Data Wrangling & GAN
=================================

## R Dependencies

When using R I like using [RStudio](https://www.rstudio.com). I think it's the best IDE for R, and makes iterating on code very easy and quick. Within RStudio there is a package manager that can help you install the packages I have listed here:

* dyplr
* ggplot2

The following two packages are installed a little differently.
First install [Bioconductor](http://bioconductor.org/)
Then you may install [GEOQuery](http://genomicsclass.github.io/book/pages/GEOquery.html)
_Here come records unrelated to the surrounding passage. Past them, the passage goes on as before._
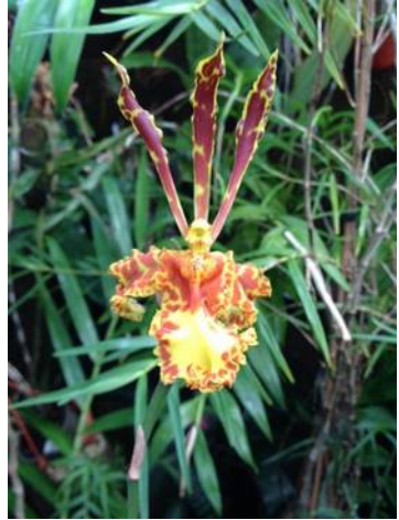
Psychopsis Mariposa Arno Janssen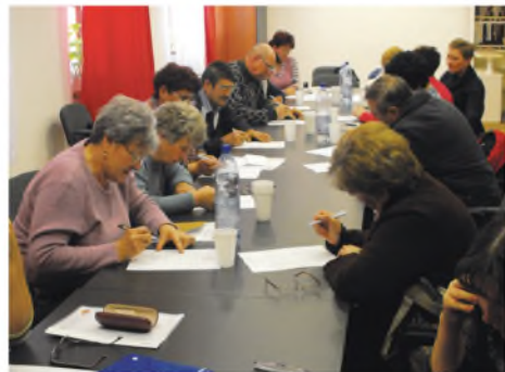
Nagy volt az érdeklődés

kötetlen csoportos és egyéni beszélgetések lehetőségével, szakemberek bevonásával. Célunk: a szülők számára hatékony, szakmailag megalapozott tudás át-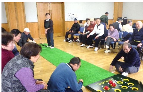
↑ 名立区老人クラブ連合会スカットボール大会事業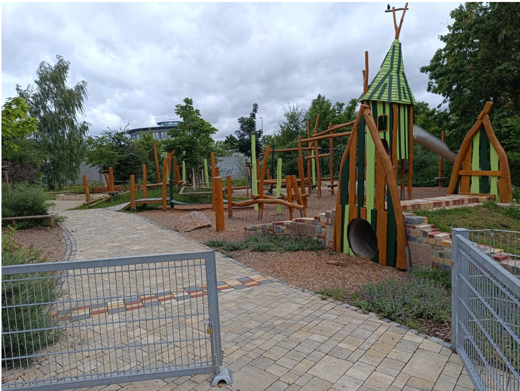
Spielplatz in der Nähe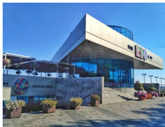
Рис. 10. «Rio Club» (м. Дніпро, Україна)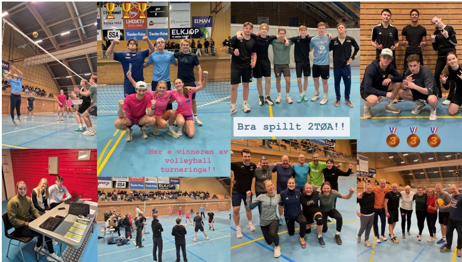
Bilder: Arrangør 3IDA og 4IDA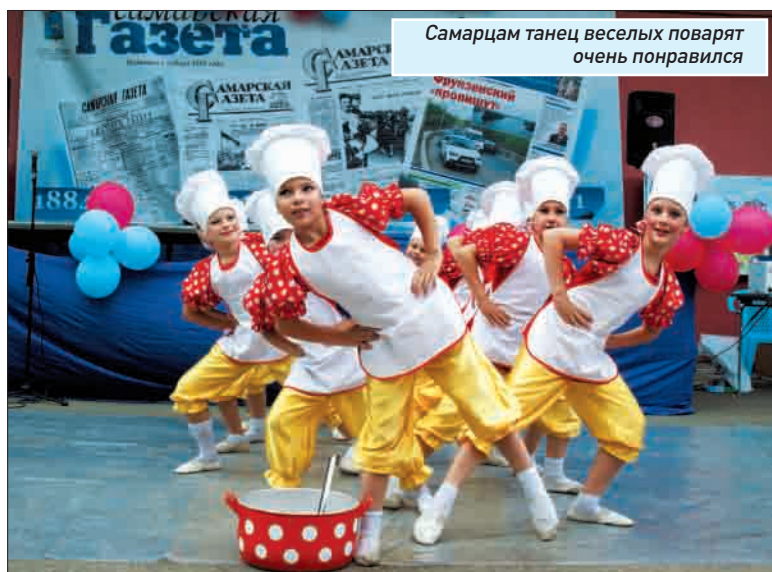
Самарцам танец веселых поварят очень понравился

Those two packages are used in [get_gse_data.r](./mkdataset/get_gse_data.r), which can get any GSE, given the GSE ID and gene symbol column name.


## Python Dependencies

I used a virtual environment by [virtualenv](https://pypi.python.org/pypi/virtualenv). If you want to use it as well, I recommend [this installation tutorial](http://docs.python-guide.org/en/latest/dev/virtualenvs/).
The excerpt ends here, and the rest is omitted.